Radio Freedom

Pretoria (initial broadcasts), various exile locations; South Africa (clandestine);
- Broadcast area: Sub-Saharan Africa
- Branding: Radio Freedom

Programming
- Language: English, African languages
- Format: Political, anti-apartheid, liberation movement
- Affiliations: African National Congress, Umkhonto we Sizwe

History
- First air date: June 1963 (formal), mid-1950s (initial)
- Last air date: 1991

= Radio Freedom =

Radio propaganda arm of the African National Congress

Radio Freedom also called Radio Zambia was a South African radio arm of the African National Congress (ANC) and its fighting wing Umkhonto we Sizwe (MK) (Spear of the Nation) during the anti-Apartheid struggle from the 1970s through the 1990s. It was the oldest liberation radio station in Africa. Listening to Radio Freedom in Apartheid-era South Africa was a crime carrying a penalty of up to eight years in prison.

Though its first formal broadcast was aired in June 1963 the first broadcasts by what was then called Freedom Radio took place in the mid-1950s. The illegally-constructed transmitters were very low-powered devices, made by amateurs and operated by white activists. The first broadcasts came from various sites in Natal. Then a transmitter came on the air from Pretoria by which time the South African Police, assisted by Post Office engineers, had developed a radio direction finding set-up which successfully traced the transmitter to an address in the Muckleneuk suburb of Pretoria. The police raided the address while a broadcast was taking place and arrested five people. They also took possession of the radio transmitter plus other apparatus. The five accused came to court where they were found guilty of operating an illegal transmitter. They appealed against the judgement on a technicality and were tried again by a higher court in Pretoria on 29 July 1957. The two judges rejected their appeal and the five were duly sentenced to a fine or three months imprisonment. There was then a considerable hiatus until the next broadcast occurred from a transmitter outside South Africa in 1963.
The activist and ANC member Walter Sisulu announced the new station, saying "I come to you from somewhere in South Africa... Never has the country, and our people, needed leadership as they do now, in this hour of crisis. Our house is on fire.” By the mid-1970s, having been exiled, Radio Freedom was broadcasting on radio stations in five countries (Tanzania, Zambia, Angola, Ethiopia, and Madagascar).

In 1983, South African soldiers targeted and destroyed Radio Freedom's Madagascar facility, halting its operation for a short time.

Station identifications featured machine-gun fire, followed by spoken words such as "This is Radio Freedom, the voice of the African National Congress and its military wing uMkhonto we Sizwe", or a variation of that. These identifications became familiar to international audiences after an excerpt from one was included in a hit song "3 a.m. Eternal", first released in 1989, by The KLF.

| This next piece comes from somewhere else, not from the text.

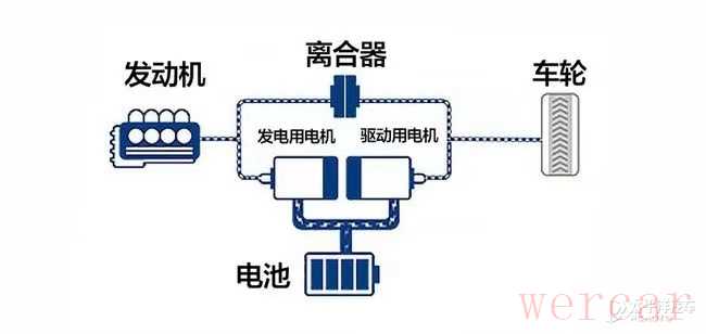 再说回串联结构的日产e-POWER,系统会变得非常简单,发动机不会直接驱动车辆,而是仅为电动机和电池供电,低速状态下还是利用电池内存电给电动机供电,而在需要较为大功率的状态下,发动机会介入发电通过逆变器供电给电动机,或者是给电池进行充电。这种模式可以理解为是一套增程式系统,但是不同于增程式,e-POWER不需要一块很大容量的电池,所以在安全性方面更加优秀,同时因为结构更简单,所以在后期维修保养方面的成本也更低。
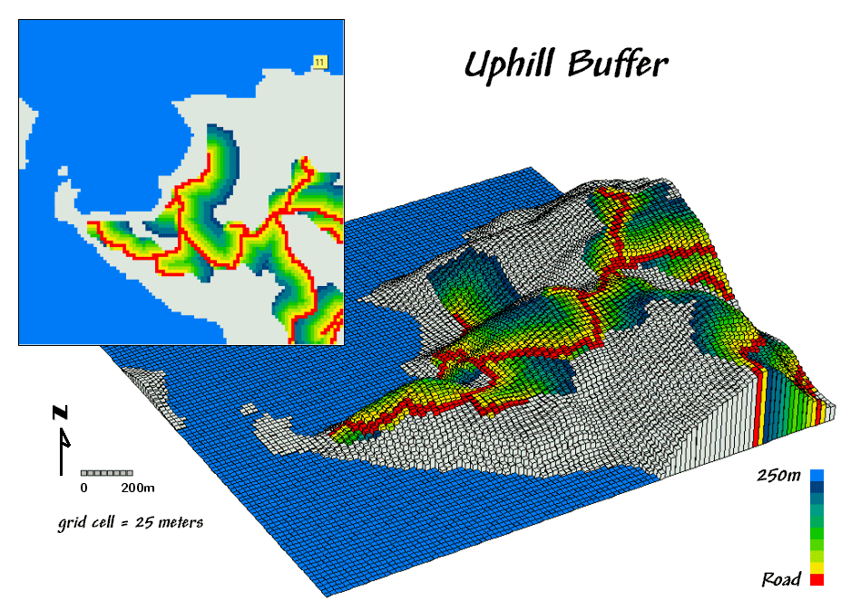 For example, consider the Uphill Buffer maps on the right side of figure 2. In this instance the measurement of proximity for the buffered area was forced to extend only “uphill” from the roads as defined on a guiding surface (a short conceptual step from a masking map). The results draped over the elevation surface confirms that only uphill locations are identified. By simply specifying “downhill” only those locations that are below the roads (and not within in the ocean mask) would be identified.

Like other guerrilla stations, Radio Freedom shared news, interviews, poetry and commentary from the movement that ran counter to the highly censored media reports from within South Africa. Regular reports on bombings and acts of sabotage by the MK gave the impression of a nearly continuous assault and encouraged listeners to join the movement.

For some listeners, Radio Freedom's most valued contribution was the music, as it was the only place where one could hear exiled South African musicians like Dollar Brand (Abdullah Ibrahim), Dudu Pukwana, Miriam Makeba, or any music critical of apartheid. Much like tuning into Radio Freedom could come with a prison sentence, so too did owning a record of these artists; possessing a Miriam Makeba record, for instance, could lead to five years in prison.

In 1991, as apartheid came to an end, so too did Radio Freedom. The ANC, which had already shifted priorities from seizing power to gaining a seat at the table, convinced the new government to release political prisoners and welcome exiles back to South Africa. With broadcasters lining up to return home, the station slipped off the air without fanfare.

Winnie Mandela and several people featured in Amandla!: A Revolution in Four-Part Harmony credit Radio Freedom as a significant comforting, rallying, and organising factor in the fight against Apartheid.